Copy out exactly the lines spanning the line with "比賽隨著裁判的哨響拉開了序幕" to the line with "Matte black cabinetry", inclusive, from the data underneath, with no pictures.

***** DATA PROVIDED

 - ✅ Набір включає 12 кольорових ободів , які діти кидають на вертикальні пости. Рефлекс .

**********
***** DATA PROVIDED

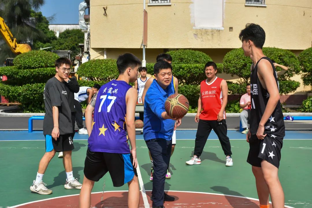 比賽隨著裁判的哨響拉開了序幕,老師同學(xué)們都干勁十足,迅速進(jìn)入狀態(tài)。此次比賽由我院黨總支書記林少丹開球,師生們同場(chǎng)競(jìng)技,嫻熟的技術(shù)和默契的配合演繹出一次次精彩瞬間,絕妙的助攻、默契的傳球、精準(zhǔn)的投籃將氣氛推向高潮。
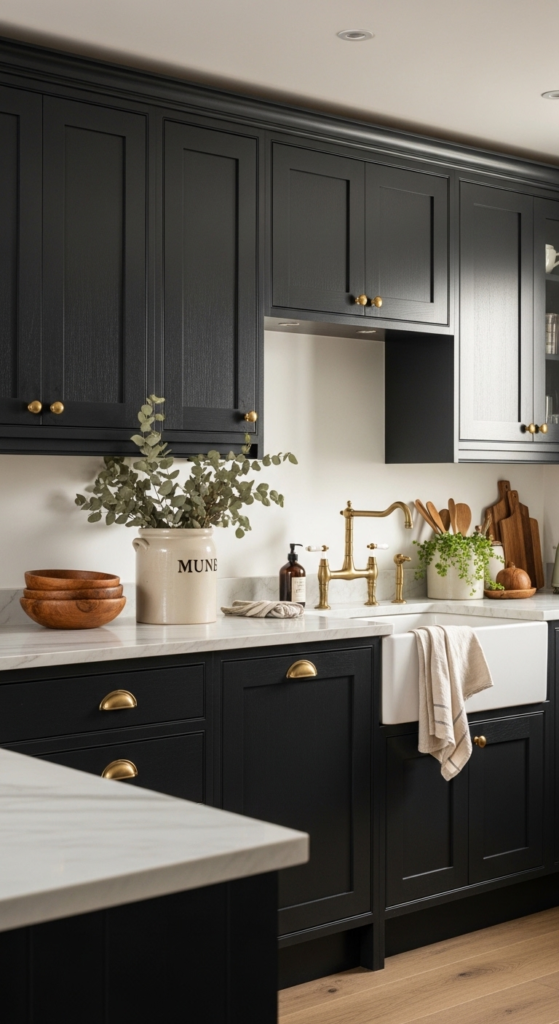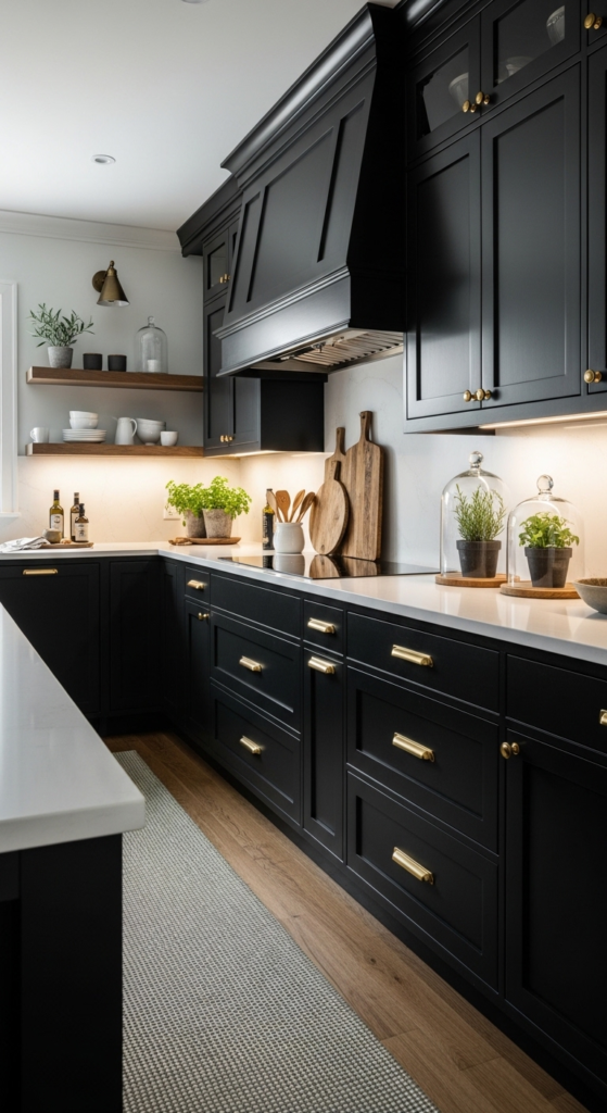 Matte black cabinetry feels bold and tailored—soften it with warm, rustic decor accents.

**********

## EXERCISE ANSWER
 比賽隨著裁判的哨響拉開了序幕,老師同學(xué)們都干勁十足,迅速進(jìn)入狀態(tài)。此次比賽由我院黨總支書記林少丹開球,師生們同場(chǎng)競(jìng)技,嫻熟的技術(shù)和默契的配合演繹出一次次精彩瞬間,絕妙的助攻、默契的傳球、精準(zhǔn)的投籃將氣氛推向高潮。
 Matte black cabinetry feels bold and tailored—soften it with warm, rustic decor accents.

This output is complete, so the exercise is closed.